▶ _EXERCISE BRIEF_:
Your answer must hold only the lines below from the line containing "Kuva 4. Tilin" through the line containing "Tarkasteluajanjaksona kaikilla tarkastelluilla", each reproduced exactly.

▶ _DATA RECORDS_:
◇ ◇ ◇ ◇ ◇ ◇ ◇
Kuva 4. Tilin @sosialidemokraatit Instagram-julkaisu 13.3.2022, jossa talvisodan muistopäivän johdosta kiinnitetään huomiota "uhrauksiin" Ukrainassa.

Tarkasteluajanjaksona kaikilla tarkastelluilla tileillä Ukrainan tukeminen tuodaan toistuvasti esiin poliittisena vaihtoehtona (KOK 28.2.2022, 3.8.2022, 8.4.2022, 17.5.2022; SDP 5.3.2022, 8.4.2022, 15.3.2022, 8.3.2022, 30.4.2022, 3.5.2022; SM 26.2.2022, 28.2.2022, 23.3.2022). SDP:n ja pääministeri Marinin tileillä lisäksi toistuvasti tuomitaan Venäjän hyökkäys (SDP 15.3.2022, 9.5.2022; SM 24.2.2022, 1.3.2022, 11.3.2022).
◇ ◇ ◇ ◇ ◇ ◇ ◇
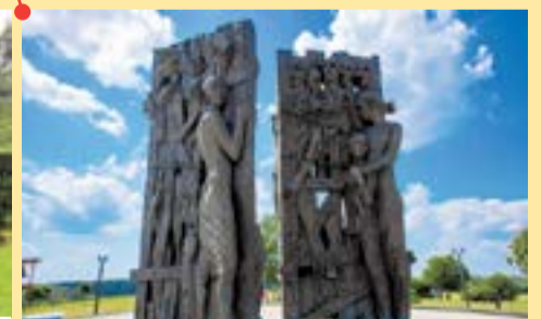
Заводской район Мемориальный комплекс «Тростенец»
◇ ◇ ◇ ◇ ◇ ◇ ◇
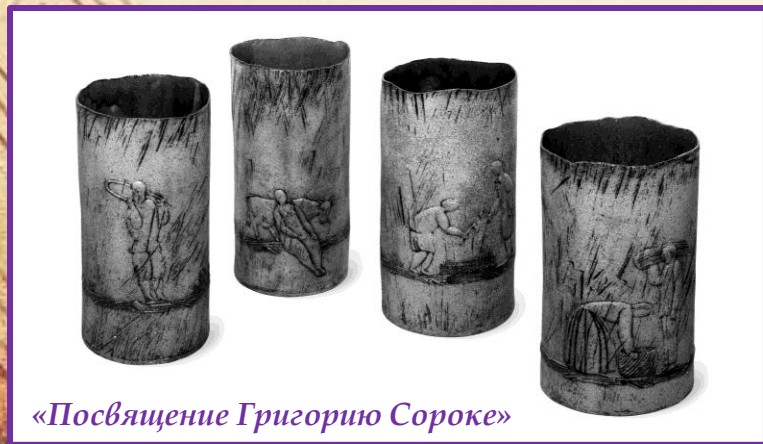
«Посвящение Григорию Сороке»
◇ ◇ ◇ ◇ ◇ ◇ ◇
▶ _ANSWER SPACE_:
Kuva 4. Tilin @sosialidemokraatit Instagram-julkaisu 13.3.2022, jossa talvisodan muistopäivän johdosta kiinnitetään huomiota "uhrauksiin" Ukrainassa.

Tarkasteluajanjaksona kaikilla tarkastelluilla tileillä Ukrainan tukeminen tuodaan toistuvasti esiin poliittisena vaihtoehtona (KOK 28.2.2022, 3.8.2022, 8.4.2022, 17.5.2022; SDP 5.3.2022, 8.4.2022, 15.3.2022, 8.3.2022, 30.4.2022, 3.5.2022; SM 26.2.2022, 28.2.2022, 23.3.2022). SDP:n ja pääministeri Marinin tileillä lisäksi toistuvasti tuomitaan Venäjän hyökkäys (SDP 15.3.2022, 9.5.2022; SM 24.2.2022, 1.3.2022, 11.3.2022).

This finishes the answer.